Tools to reduce drift come in many forms, like liquid

There’s more to spray-drift management than nozzle selection, boom height, ground speed and atmospheric conditions.

Some producers are adding low-drift adjuvants their tanks.

There are a number of reasons farmers are cranking up their drift reduction efforts. Spray drift can damage crops adjacent to the target field. That’s a financial loss when it’s a farmer’s own crop, but it may result in a bigger financial loss if it’s the neighbour’s.

Putting product on the target makes good sense in terms of chemical efficacy. If a grower is spending $20 per acre on product and a quarter of it either blows away as fine spray or bounces off the leaves as big droplets, then your crop is not receiving the full benefit.

One of the more recent developments motivating farmers is public scrutiny. Farmers know there’s a strong desire by many members of the public to increase regulation of all agriculture chemical use.

WinField United’s Dave Van Dam says Canadian farmers are starting to consider drift-control agents as part of their crop protection plans.

He said drift-control agents are especially important in areas where a variety of crops are grown and a wide range of crop protection products are applied. Diversity of crops increases the risk of potential herbicide damage by a neighbouring spray application. Drift-control agents are engineered to optimize spray droplet size so more active ingredient reaches its intended targets.

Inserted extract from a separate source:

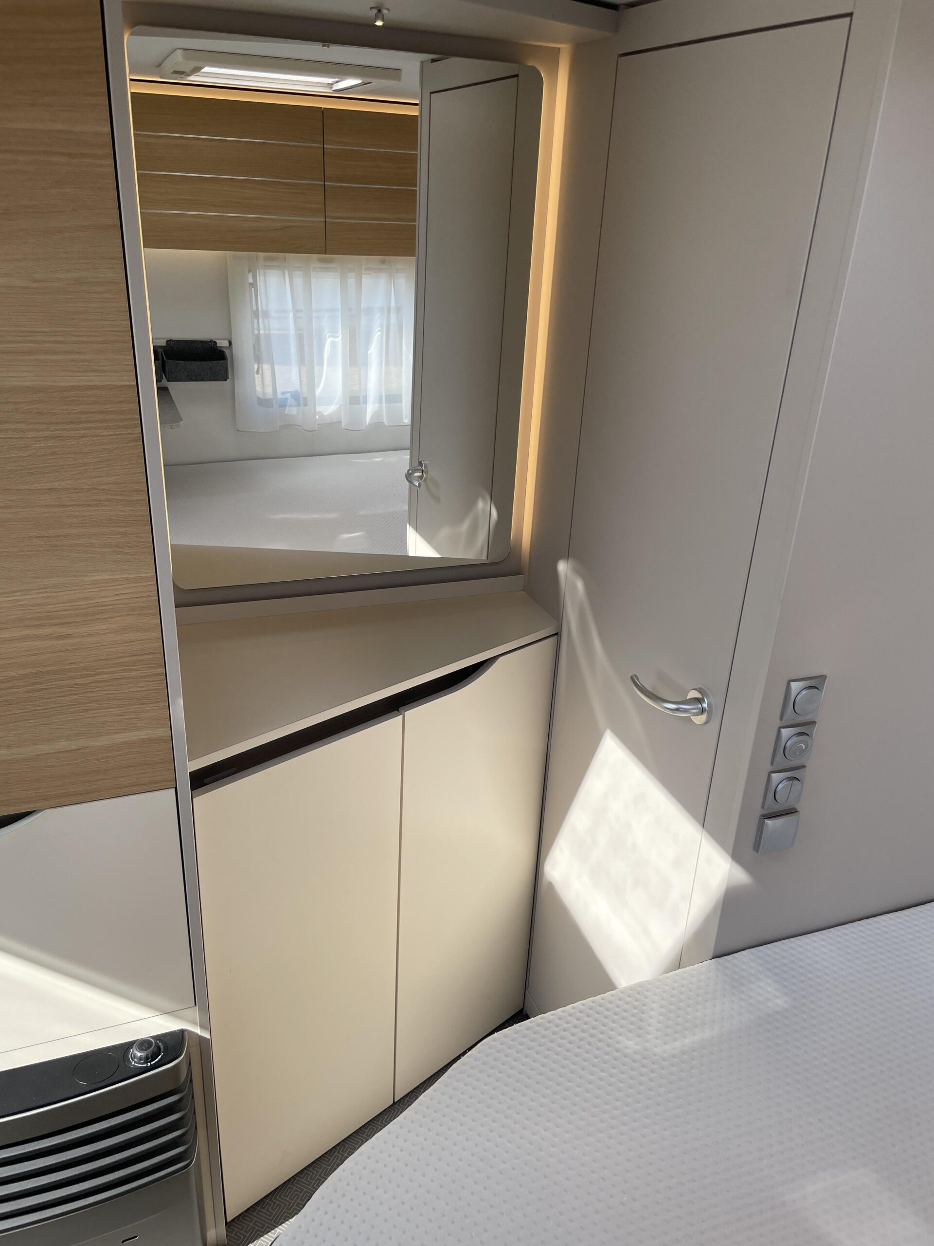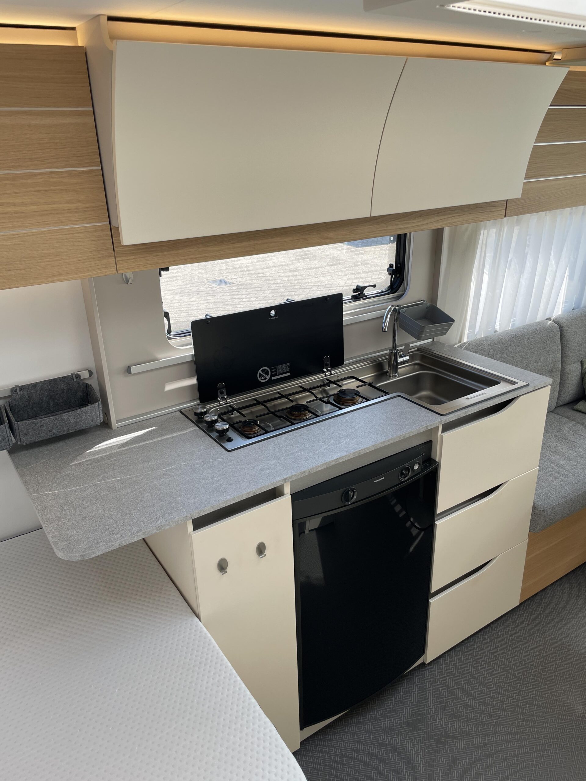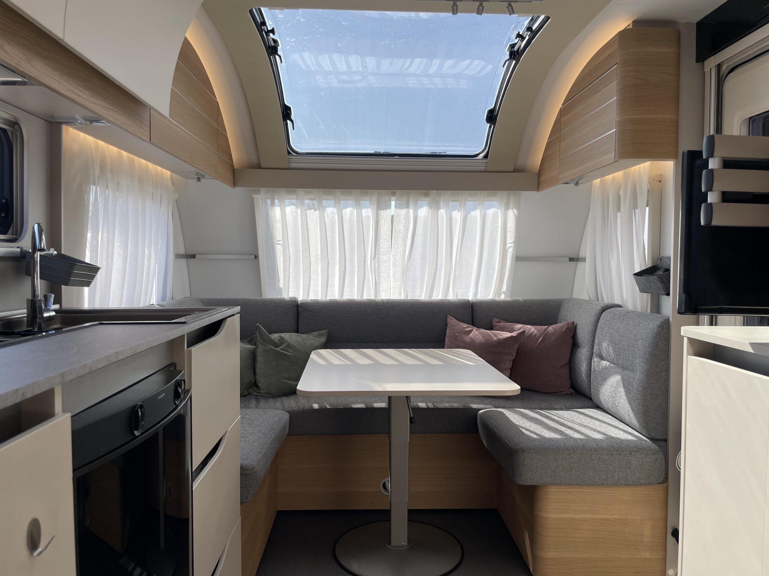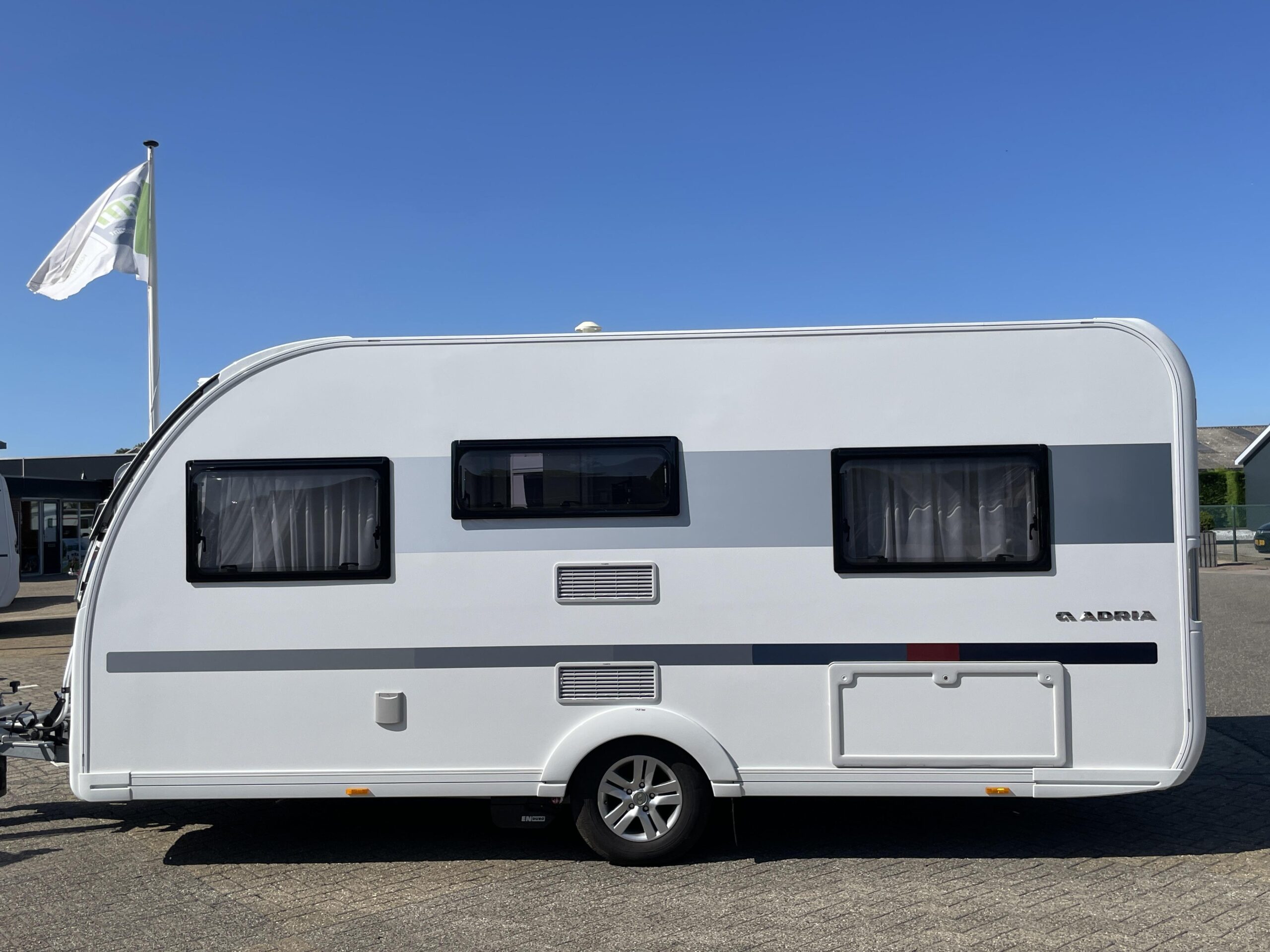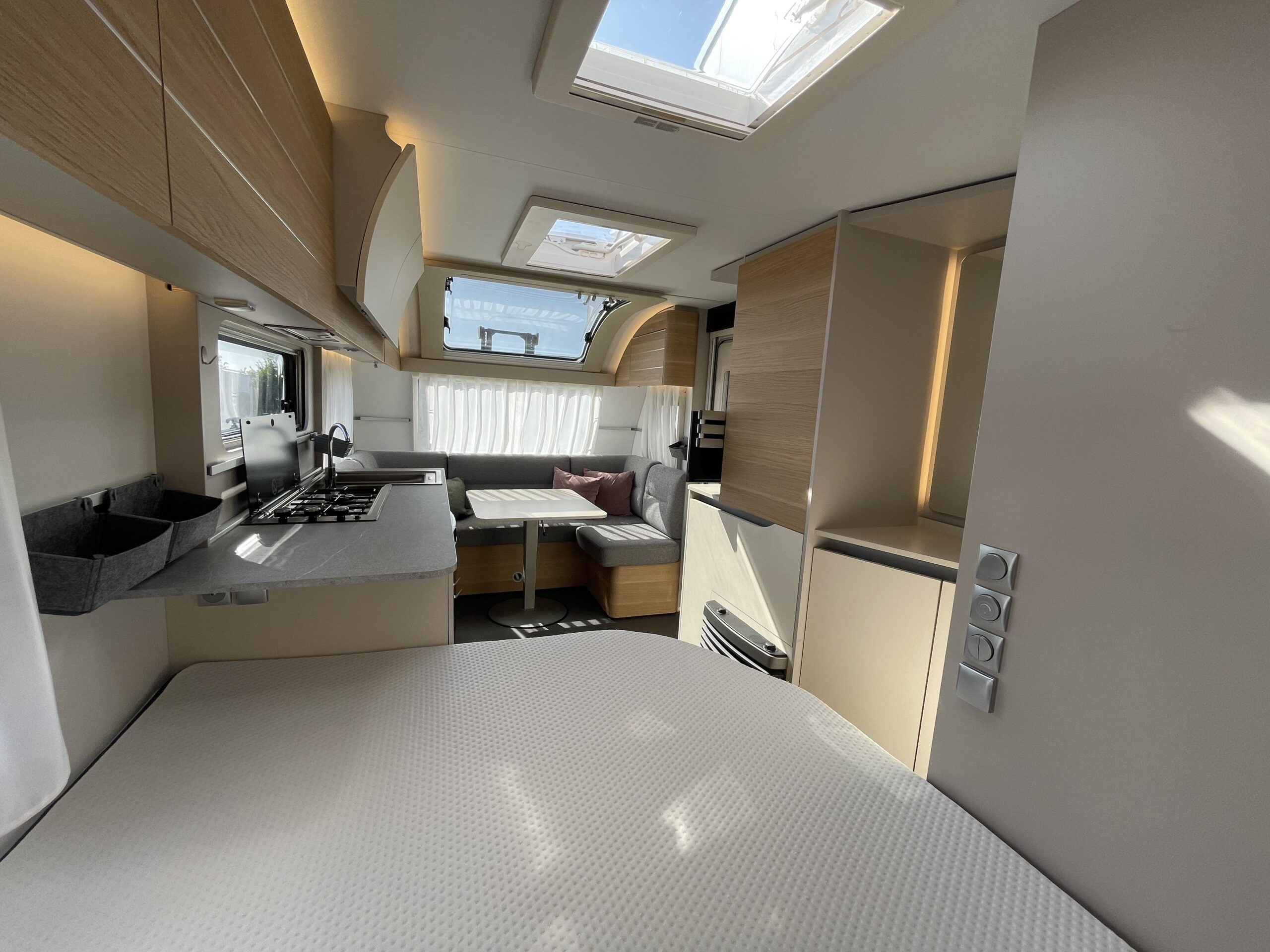 De caravan is namelijk voorzien van een Luifel, Hordeur, Boiler, Fietsendrager, Vloerverwarming, Zijwand van het merk Thule voor de luifel, Auto Steady (electrische uitdraaisteunen), Litium accu met Autarkpakket (12v systeem waarmee zonder stroom van buitenaf de verlichting etc. gebruikt kan worden), Volautomatische mover van het merk Enduro, magnetron, Smart TV, Alko ATC (antislingersysteem), Geluidsinstalatie met Bluetooth en een reservewiel.

That not only reduces drift, but it enhances the product investment and keeps neighbours happy. It has so far proven impossible to design a nozzle that emits all droplets in the desired size. If that could be accomplished, the ideal spray would have all medium-sized droplets.

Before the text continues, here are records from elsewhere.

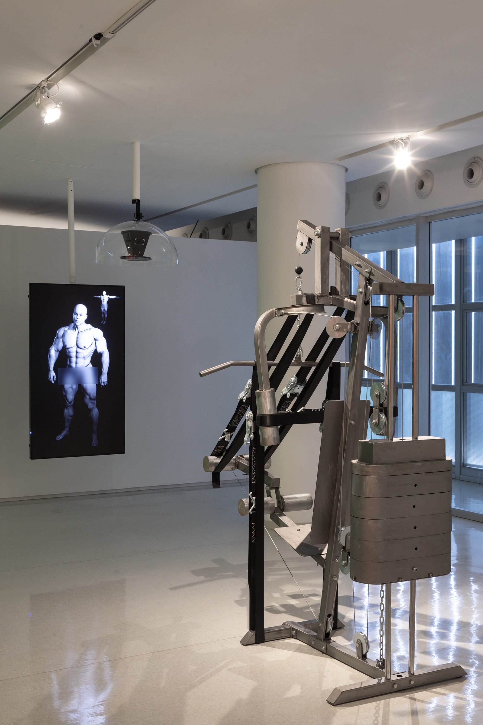 “Mil Graus” admits other artistic forms linked to the digital and the concerns of the metropolitan citizen of the twenty-first century. Marcus Deusdedit’s video installation Untitled (2024), from the series “Performance,” shows a CGI bodybuilder taking his obsession with physical exercise to the extreme, while Melissa de Oliveira’s photographs (Aquecimento and Sucessagem, 2024) seize the vitality and risk of street cultures on the outskirts of Rio de Janeiro, portraying young people proudly pulling motorcycle stunts in acts that are as political as they are cultural.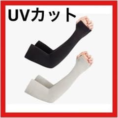 アームカバー 2セット UVカット 指穴あり 黒×グレー 接触冷感 アウトドア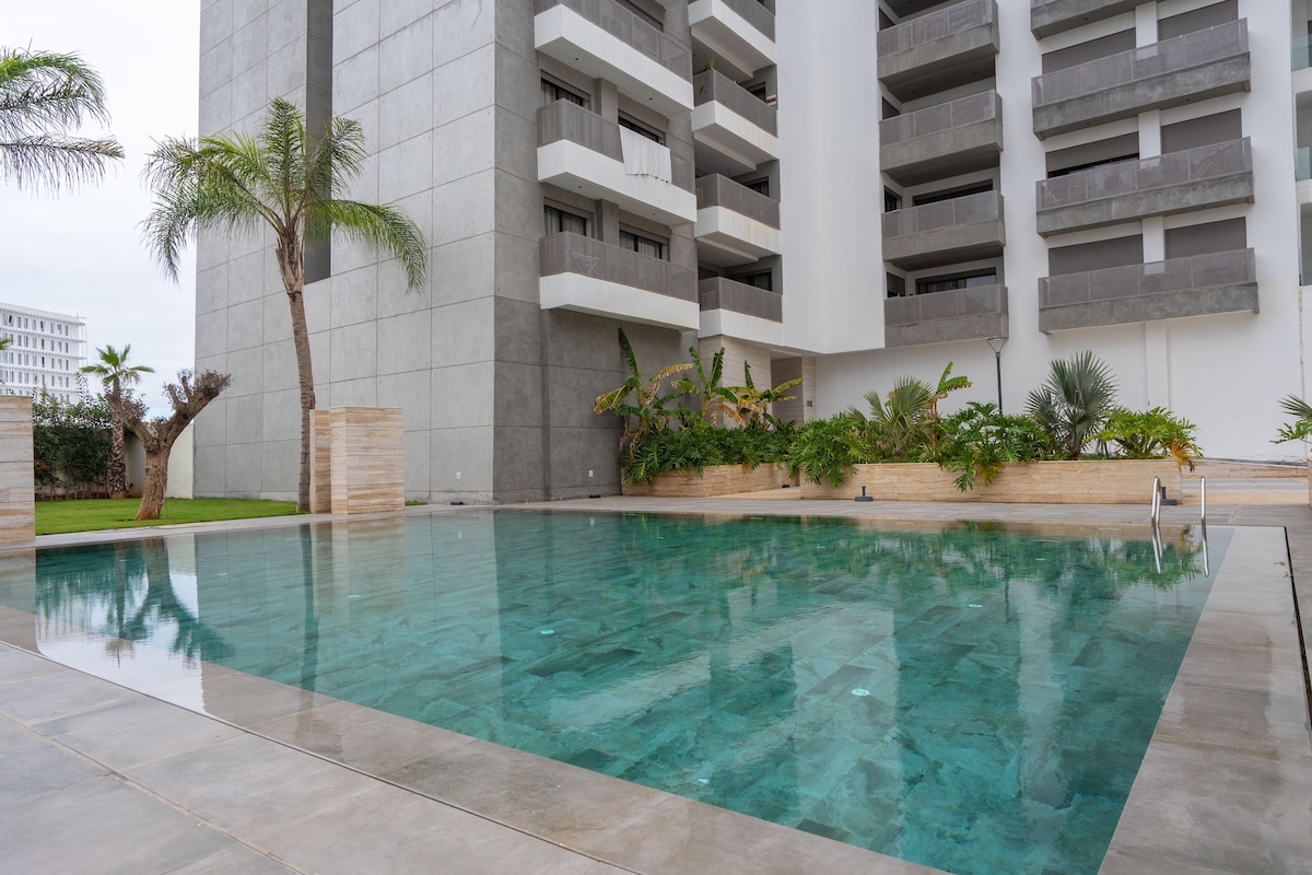 An oasis in the heart of Ain Diab.We are offering an authentic,beautiful and peaceful experience just next to the beach at our brand new appartement with breathtaking panoramic view.The property offers a bright and comfortable environment with all the necessary amenities for a pleasant stay.And if you are in a party mood, there are dozens of beach bars,lounges and clubs to choose from just 10 min walking away. Morocco Mall 7mim Free privite parking,swimming pool,24 hour security.

“If 20 to 30 percent of your herbicide is going through the sprayer and not hitting the intended target, then you’ve lost 20 to 30 percent of the value in your investment. InterLock helps protect your investment by creating a spray pattern with more optimal-size droplets that hit the intended target,” says Van Dam.

Drift-control agents help in the battle against herbicide-resistant weeds, says agronomist Jason Morrow of Double Diamond Farm Supply in southwestern Manitoba.

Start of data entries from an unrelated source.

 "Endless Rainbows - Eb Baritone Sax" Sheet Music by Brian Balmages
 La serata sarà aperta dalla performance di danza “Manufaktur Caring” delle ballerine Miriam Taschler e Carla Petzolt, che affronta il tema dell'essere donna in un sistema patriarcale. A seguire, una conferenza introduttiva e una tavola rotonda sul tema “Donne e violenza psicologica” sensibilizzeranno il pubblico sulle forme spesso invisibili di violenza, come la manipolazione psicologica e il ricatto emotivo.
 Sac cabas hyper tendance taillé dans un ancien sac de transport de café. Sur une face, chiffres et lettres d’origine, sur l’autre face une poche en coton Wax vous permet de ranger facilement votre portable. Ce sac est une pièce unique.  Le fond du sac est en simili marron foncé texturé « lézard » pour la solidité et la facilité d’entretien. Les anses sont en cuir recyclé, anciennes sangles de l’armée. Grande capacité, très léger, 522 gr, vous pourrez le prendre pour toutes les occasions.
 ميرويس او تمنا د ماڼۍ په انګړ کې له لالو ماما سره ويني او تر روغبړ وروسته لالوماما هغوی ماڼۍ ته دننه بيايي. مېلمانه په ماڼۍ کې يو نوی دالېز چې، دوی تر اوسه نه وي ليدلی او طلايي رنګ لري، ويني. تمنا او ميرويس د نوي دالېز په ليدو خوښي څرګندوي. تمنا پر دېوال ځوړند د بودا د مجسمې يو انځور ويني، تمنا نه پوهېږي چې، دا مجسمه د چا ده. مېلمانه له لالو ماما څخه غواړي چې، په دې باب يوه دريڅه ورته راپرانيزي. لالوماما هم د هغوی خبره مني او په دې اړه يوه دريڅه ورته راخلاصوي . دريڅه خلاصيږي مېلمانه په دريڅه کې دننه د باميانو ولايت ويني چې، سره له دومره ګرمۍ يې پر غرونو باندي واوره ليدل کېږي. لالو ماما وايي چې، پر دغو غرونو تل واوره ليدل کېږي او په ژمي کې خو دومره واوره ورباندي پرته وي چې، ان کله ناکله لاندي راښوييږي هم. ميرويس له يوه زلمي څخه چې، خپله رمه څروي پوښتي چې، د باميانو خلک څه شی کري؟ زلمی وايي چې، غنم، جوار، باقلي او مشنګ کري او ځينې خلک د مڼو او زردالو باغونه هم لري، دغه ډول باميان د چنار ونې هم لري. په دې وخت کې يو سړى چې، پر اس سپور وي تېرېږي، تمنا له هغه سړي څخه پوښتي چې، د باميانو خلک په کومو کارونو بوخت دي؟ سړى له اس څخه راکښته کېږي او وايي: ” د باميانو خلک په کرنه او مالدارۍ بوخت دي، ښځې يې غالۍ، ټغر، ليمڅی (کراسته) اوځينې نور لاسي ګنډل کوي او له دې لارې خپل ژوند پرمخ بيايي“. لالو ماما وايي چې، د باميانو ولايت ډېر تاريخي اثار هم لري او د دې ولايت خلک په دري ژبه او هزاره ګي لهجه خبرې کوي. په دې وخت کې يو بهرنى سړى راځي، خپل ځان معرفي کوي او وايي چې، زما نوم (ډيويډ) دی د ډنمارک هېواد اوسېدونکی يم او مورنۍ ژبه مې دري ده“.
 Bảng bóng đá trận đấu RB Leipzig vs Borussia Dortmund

“When farmers get the right amount of herbicide active ingredient onto the plant, they’re going to get better weed control. If they’re losing some of that herbicide to drift or because small spray droplets evaporate prior to plant uptake, they’ll probably see more weed escapes. In some cases, lack of good spray coverage means weeds might be damaged by the herbicide but not completely killed. Those types of situations promote the development of herbicide-resistant weed populations.

“We went from having no acres of InterLock sprayed to having 72,000 acres in two years. I think everybody who has used it has come back for more.”

“There are cases where farmers had planned on a two-pass herbicide application, but by adding InterLock to their tank mix they achieved such effective control that they eliminated a second application.”

Senior agronomist Sarah Anderson of G-Mac’s AgTeam in Saskatchewan says the value proposition of drift-control agents is getting more active ingredient on-target.

“Greater herbicide coverage is necessary for optimal performance, especially for contact products. Adding a drift-control agent like InterLock just increases the chance that the active ingredient you put into the tank is going to land where it should,” says Anderson.

She started doing field trials with her customers in 2017 and says initial results are positive. “Sometimes the InterLock effect has been subtle, but we do have some examples where the visual effect is so apparent that you can see it show up in the crop canopy or even in the spray pattern as it’s leaving the boom.”

Anderson adds that drift-control agents are more present in the market today than when she started her career.

“It’s clear that drift-control agents help optimize spray applications. InterLock, or any drift-control agent, is not going to allow growers to spray in unfavourable weather conditions they normally shouldn’t be spraying in. I’m hopeful InterLock might turn good agronomic practices into even better ones.”